--- WORK TO COMPLETE ---
Give back exactly the line containing "Во внимание к" and all that follow it in the data below, with the pictures left out.
*** DATA PROVIDED ***
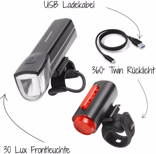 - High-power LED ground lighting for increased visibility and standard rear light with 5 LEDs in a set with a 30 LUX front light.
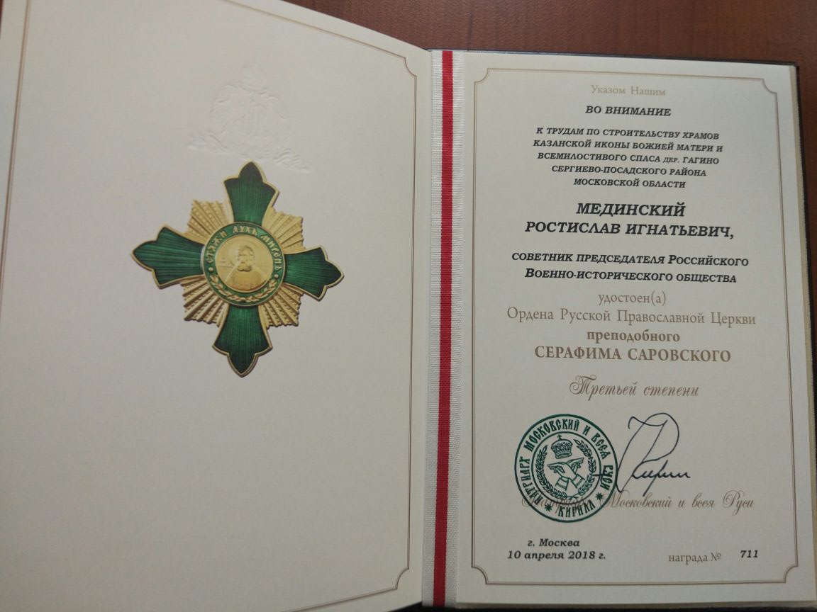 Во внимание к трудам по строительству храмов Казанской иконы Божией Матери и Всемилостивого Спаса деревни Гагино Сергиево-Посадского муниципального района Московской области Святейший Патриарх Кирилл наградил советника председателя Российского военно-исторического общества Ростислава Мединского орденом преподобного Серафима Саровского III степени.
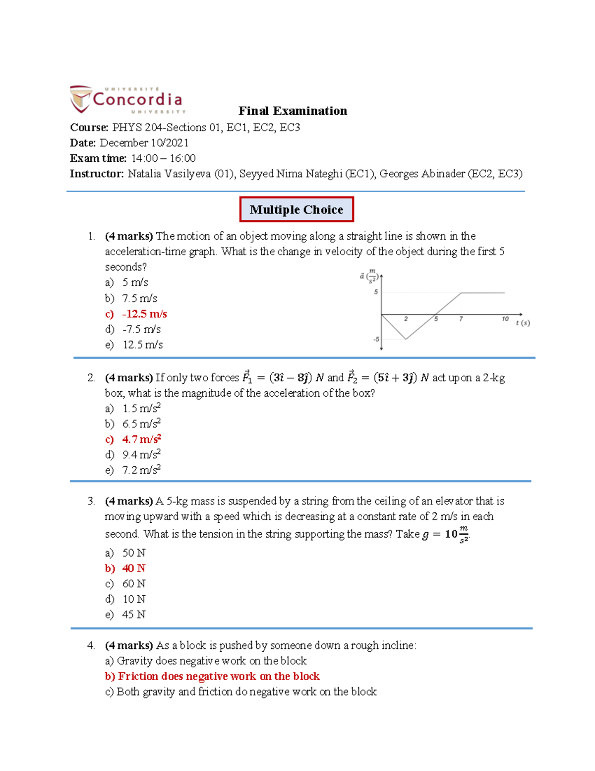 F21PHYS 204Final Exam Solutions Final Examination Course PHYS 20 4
***
--- RESPONSE AREA ---
 Во внимание к трудам по строительству храмов Казанской иконы Божией Матери и Всемилостивого Спаса деревни Гагино Сергиево-Посадского муниципального района Московской области Святейший Патриарх Кирилл наградил советника председателя Российского военно-исторического общества Ростислава Мединского орденом преподобного Серафима Саровского III степени.
 F21PHYS 204Final Exam Solutions Final Examination Course PHYS 20 4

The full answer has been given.